> **Provided material**:
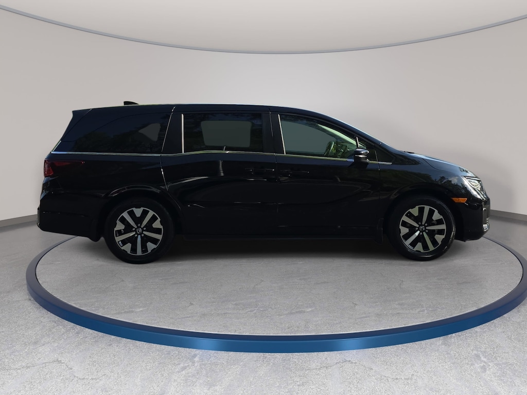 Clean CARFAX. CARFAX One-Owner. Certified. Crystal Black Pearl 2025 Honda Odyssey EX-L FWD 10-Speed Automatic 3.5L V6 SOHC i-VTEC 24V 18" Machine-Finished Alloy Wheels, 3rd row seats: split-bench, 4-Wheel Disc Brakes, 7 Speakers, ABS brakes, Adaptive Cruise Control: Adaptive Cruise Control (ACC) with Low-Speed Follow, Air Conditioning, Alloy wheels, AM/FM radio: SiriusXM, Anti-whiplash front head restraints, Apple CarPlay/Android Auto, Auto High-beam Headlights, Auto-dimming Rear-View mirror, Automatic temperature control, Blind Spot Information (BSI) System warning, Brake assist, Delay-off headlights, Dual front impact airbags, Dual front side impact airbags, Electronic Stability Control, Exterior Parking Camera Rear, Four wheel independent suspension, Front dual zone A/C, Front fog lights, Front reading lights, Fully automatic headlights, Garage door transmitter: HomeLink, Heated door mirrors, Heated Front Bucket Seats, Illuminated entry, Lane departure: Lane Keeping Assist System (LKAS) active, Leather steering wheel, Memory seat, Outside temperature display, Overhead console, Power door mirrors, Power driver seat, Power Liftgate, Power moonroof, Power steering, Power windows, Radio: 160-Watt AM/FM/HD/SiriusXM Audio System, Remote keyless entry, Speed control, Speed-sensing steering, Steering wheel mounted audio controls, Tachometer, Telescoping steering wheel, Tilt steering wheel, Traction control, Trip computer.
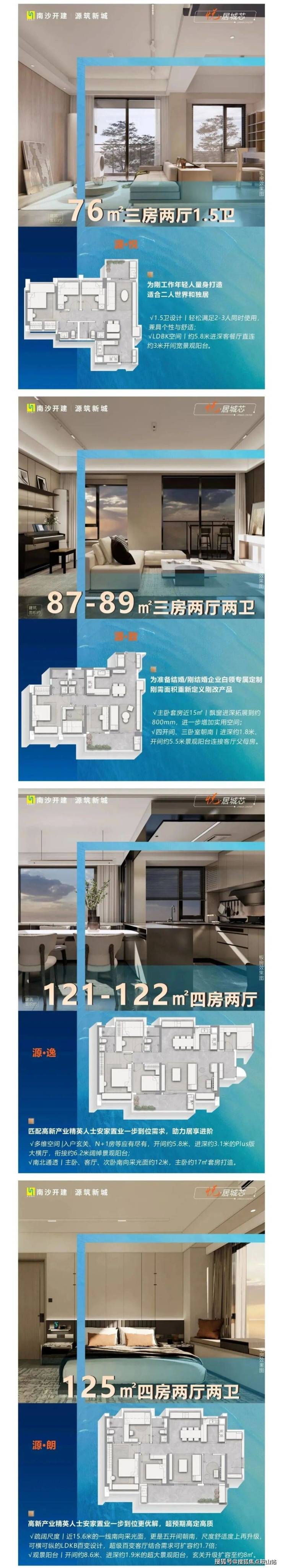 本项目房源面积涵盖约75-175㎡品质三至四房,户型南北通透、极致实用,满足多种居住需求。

---

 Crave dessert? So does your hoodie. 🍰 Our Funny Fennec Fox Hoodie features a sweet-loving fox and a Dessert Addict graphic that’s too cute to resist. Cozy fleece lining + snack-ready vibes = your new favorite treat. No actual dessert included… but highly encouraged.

> **Exercise brief**: The copy should hold only the lines from the one with "Clean CARFAX. CARFAX" through the one with "本项目房源面积涵盖约75-1", exactly as they stand above. Leave out the pictures.

> **Response to the task**:
 Clean CARFAX. CARFAX One-Owner. Certified. Crystal Black Pearl 2025 Honda Odyssey EX-L FWD 10-Speed Automatic 3.5L V6 SOHC i-VTEC 24V 18" Machine-Finished Alloy Wheels, 3rd row seats: split-bench, 4-Wheel Disc Brakes, 7 Speakers, ABS brakes, Adaptive Cruise Control: Adaptive Cruise Control (ACC) with Low-Speed Follow, Air Conditioning, Alloy wheels, AM/FM radio: SiriusXM, Anti-whiplash front head restraints, Apple CarPlay/Android Auto, Auto High-beam Headlights, Auto-dimming Rear-View mirror, Automatic temperature control, Blind Spot Information (BSI) System warning, Brake assist, Delay-off headlights, Dual front impact airbags, Dual front side impact airbags, Electronic Stability Control, Exterior Parking Camera Rear, Four wheel independent suspension, Front dual zone A/C, Front fog lights, Front reading lights, Fully automatic headlights, Garage door transmitter: HomeLink, Heated door mirrors, Heated Front Bucket Seats, Illuminated entry, Lane departure: Lane Keeping Assist System (LKAS) active, Leather steering wheel, Memory seat, Outside temperature display, Overhead console, Power door mirrors, Power driver seat, Power Liftgate, Power moonroof, Power steering, Power windows, Radio: 160-Watt AM/FM/HD/SiriusXM Audio System, Remote keyless entry, Speed control, Speed-sensing steering, Steering wheel mounted audio controls, Tachometer, Telescoping steering wheel, Tilt steering wheel, Traction control, Trip computer.
 本项目房源面积涵盖约75-175㎡品质三至四房,户型南北通透、极致实用,满足多种居住需求。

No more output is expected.